Vegetables to sow and harvest now

Sow

Pick runner beans

Pick runner beans when they're about 20cm long

Sow beetroot, calabrese, oriental greens and spring cabbages in pots or where they are to grow. Also sow early varieties of carrots and peas, plus Florence fennel, lettuces, spring onions, radishes and rocket. Keep them well watered. If hot, dry weather is forecast, only make new sowings if you’re able to water regularly.

Harvest

  • Harvest garlic, onions and shallots once the lower leaves start to turn yellow. Don’t bend the tops over – this encourages rotting at the top of the bulb. Dry them outside if it’s dry and sunny.

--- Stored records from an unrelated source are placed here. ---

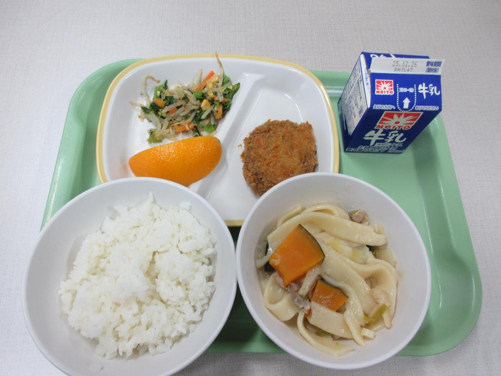 ご飯 イワシの山河フライ ほうとう コーンと小松菜の和え物 オレンジ 牛乳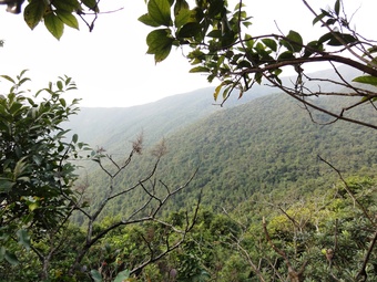 Das Foto gehört zur Serie "Hong Kong Trail". Es zeigt den Blick vom Weg auf die Berge bei Hong Kong. Es gelten die Nutzungsbedingungen der Mediothek und Pixiothek.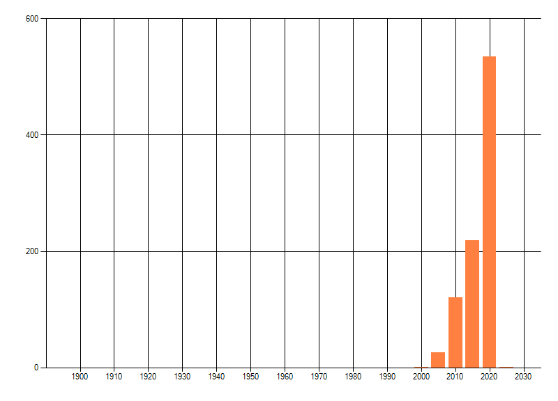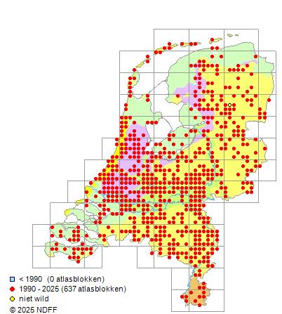 Het aantal atlasblokken (5x5 km) waarin de soort is gemeld binnen een periode van vijf jaar (vanaf 1980) of twintig jaar. Niet gecorrigeerd voor waarnemersinspanning en het aantal doorgegeven waarnemingen kan sterk variëren per periode, dus een trend in verspreiding kan hier niet direct uit worden afgelezen. Het opgegeven jaartal is het eerste jaar van de periode. Bron: gevalideerde waarnemingen uit de NDFF.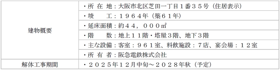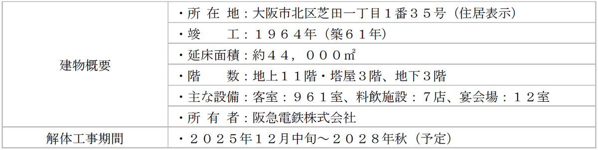 旧大阪新阪急ホテルは、1964年8月8日の開業以来約60年間にわたり多くのお客様にご愛顧いただき、2025年1月4日のご宿泊利用をもって営業を終了しましたが、阪急電鉄株式会社および阪急阪神不動産株式会社は、2025年12月中旬から同建物の解体工事に着手することとなりましたので、お知らせします。
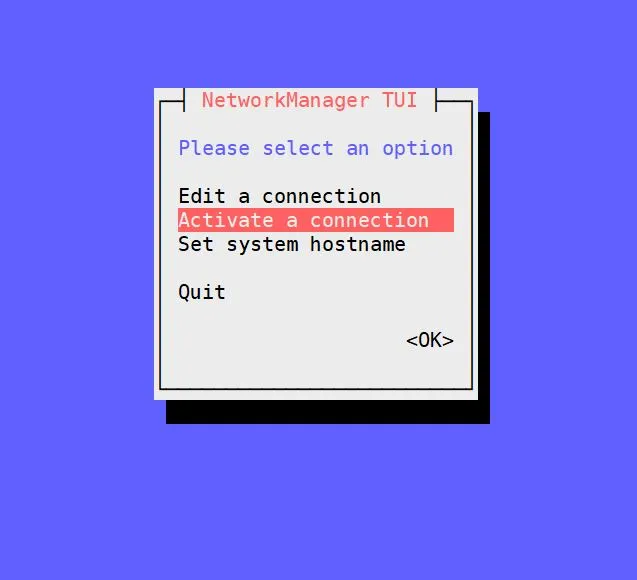 选择确定,然后点击回车。在下一个窗口中,选择 “Activate a connection”,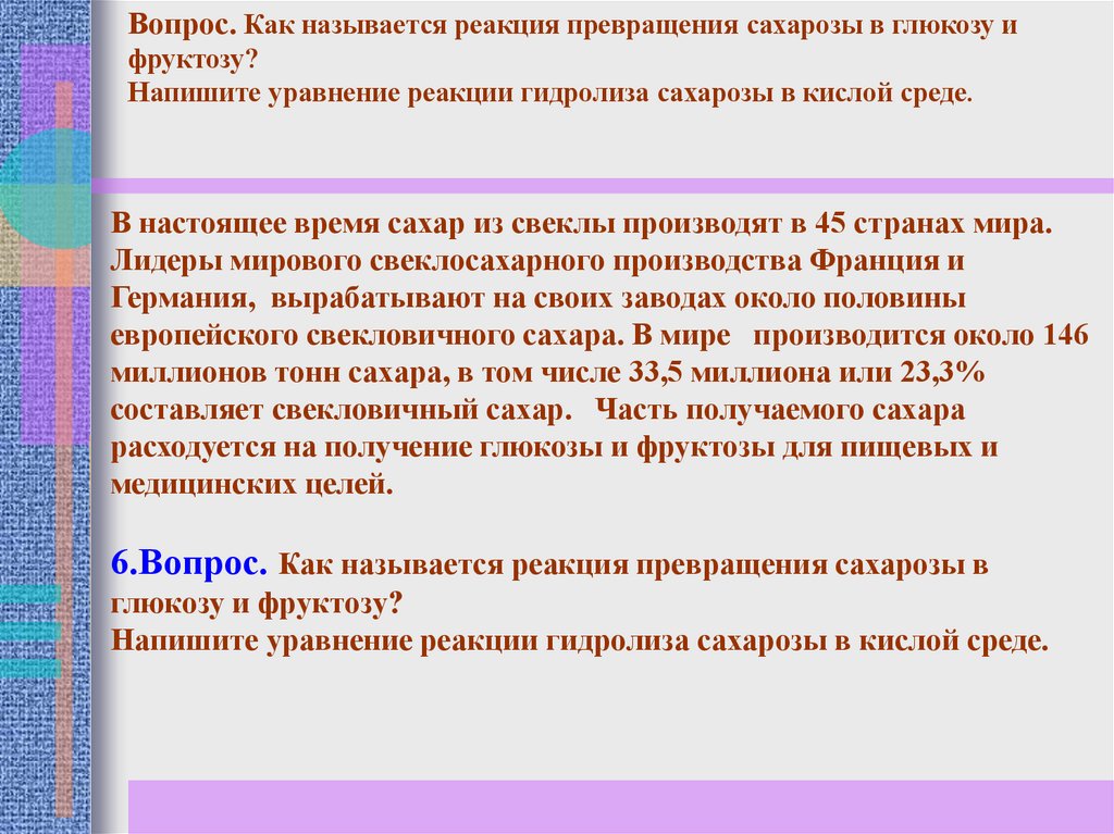 6.Вопрос. Как называется реакция превращения сахарозы в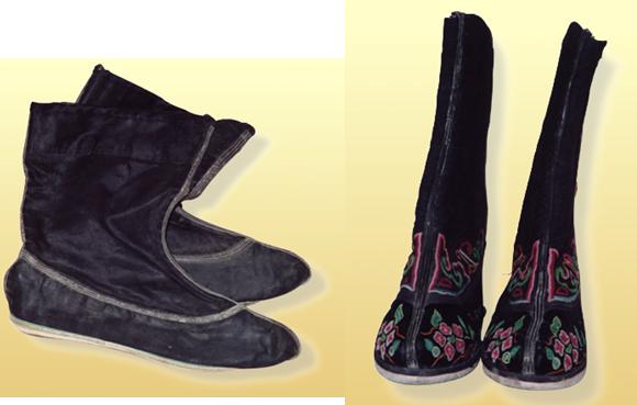 足服:古代鞋袜为足服,鞋袜和绑腿是少数民族服饰中不可缺少的部分。 |

Otherwise, cover with a cloche or dry on an indoor windowsill or in a greenhouse.
  • Courgettes should be picked when they’re about 15cm long
  • Harvest beans and peas at least twice a week for the best yield.
  • Pick French beans when they’re 15cm long and runners at 20cm.
  • Pick peas when the pods are fat but the peas aren’t obvious.
  • Pull carrots and parsnips when the tops of the roots, visible above the soil surface, reach a decent size.
  • Pick tomatoes with the stalk intact when they’re ripe and store at room temperature for the best flavour.
  • For a bigger crop of peppers, pick your first few while they’re still green. They’re ready when the surface of the fruit is glossy. 

Veg maintenance

Raise squashes

Raise squashes to stop them rotting

Squashes and pumpkins

Raise developing squashes and pumpkins off the ground with a tile or brick. This will stop them rotting and will help the fruits to ripen.

Sweetcorn

Once the tassels at the end of the sweetcorn cob start to shrivel and go brown, press your nail into a kernel – if the liquid is creamy rather than clear, the cob is ready.

Potatoes

How do you know when new potatoes are ready? Carefully lift a few potatoes from the edge of the plant. If they’re a good size and well developed, lift them all – left in the ground they’ll be a target for slugs.

Replace lost plants 

If your first sowings of tender veg such as squash and courgettes failed because of the cold or slug damage, sow some new seeds in July. Protect with a mini-cloche made from a clear plastic bottle cut to size, and remove the bottle when the leaves grow to touch the sides.

Harvest these fruits now

pick apples

Apples are ready when they come away easily

Start to pick apples. Ripe fruit will come away easily when you lift and twist gently.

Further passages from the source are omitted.